Selasa, 22 Oktober 2019 | 15:21 WIB

191022152334-jabar.jpeg


DIREKTUR Pembinaan Sekolah Menengah Atas (PSMA) Kementerian Pendidikan dan Kebudayaan (Kemendikbud), Purwadi Sutanto resmi membuka Olimpiade Penelitian Siswa Indonesia (OPSI) ke-11 Tahun 2019 di The Sunan Hotel Solo, Jln. Ahmad Yani, No. 40, Surakarta, Rabu (16/10/2019). Sebanyak 201 peserta siap bersaing di ajang ini, dengan menampilkan 106 karya penelitian.

Tak ketinggalan, Provinsi Jawa Barat pun ikut serta dalam kompetisi tersebut. Finalis yang berhasil menjadi delegasi di bidang fisika terapan dan rekayasa (FTR) adalah Theonaldo Vincentius Androdi dan Marcellino Chris O’Vara dari SMAN 1 Kota Bogor, dengan judul penelitian Smart Universal Power Outlet sebagai Solusi Smart Home yang Modular dan Terintegerasi Internet of Things.

Sedangkan di bidang ilmu sosial dan humaniora diwakili Julpi Hardiansi dan Fahrian Alif Afwan asal SMAN 1 Cisarua, dengan judul Komparasi Taraf Proklastinasi bagi Siswa Jurusan MIPA dan IPS. Untuk tema Board Game Garuda (gamesejarah untuk anak muda) sebagai media pembelajaran sejarah, ada Dhafin Ghalib Luqman Hakim dan Muhammada Dzulfikar Andika Satriatama dari SMAS Pesantren Unggul Al Bayan.

Direktur Pembinaan SMA Kemendikbud, Purwadi Sutanto pun menyambut gembira dan mengapresiasi antusiasme peserta yang terus meningkat. "Dari tahun ke tahun, peminat OPSI semakin banyak dan kualitas penelitiannya pun semakin baik. Ini indikasi bahwa budaya meneliti telah menyebar di kalangan siswa," tuturnya seperti dilansir disdik.jabarprov.go.id.
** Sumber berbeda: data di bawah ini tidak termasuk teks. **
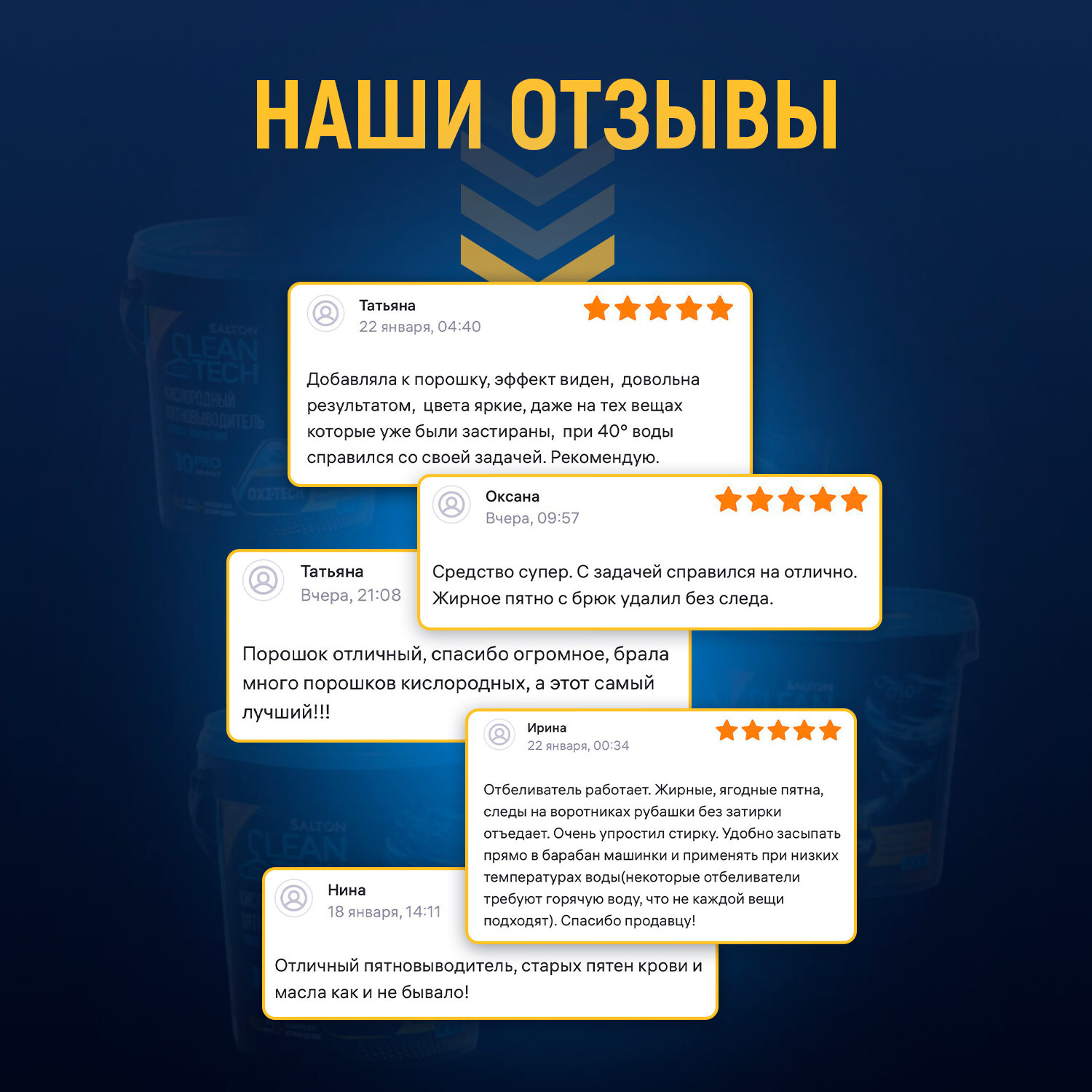 Ниже Вы можете прочитать отзывы на Пятновыводитель Salton CleanTech кислородный, 900 г, ознакомится с подробными характеристиками, посмотреть интересные обзоры и фотографии на Пятновыводитель Salton CleanTech кислородный, 900 г.

Ia mengatakan, Kemendikbud akan terus memfasilitasi seluruh bakat dan minat peserta didik, menyediakan wahana untuk memfasilitasi olah bakat dan potensi siswa, mulai dari olah pikir, olah rasa, olahraga, dan olah hati. Ia pun mengimbau siswa agar tidak minder dengan nilai UN yang rendah karena di balik itu masih ada bakat dan minat yang bisa diasah.

“Kalian adalah anak-anak yang memiliki bakat dan minat luar biasa, khususnya dalam talenta meneliti dan saya sangat bangga,” ungkapnya.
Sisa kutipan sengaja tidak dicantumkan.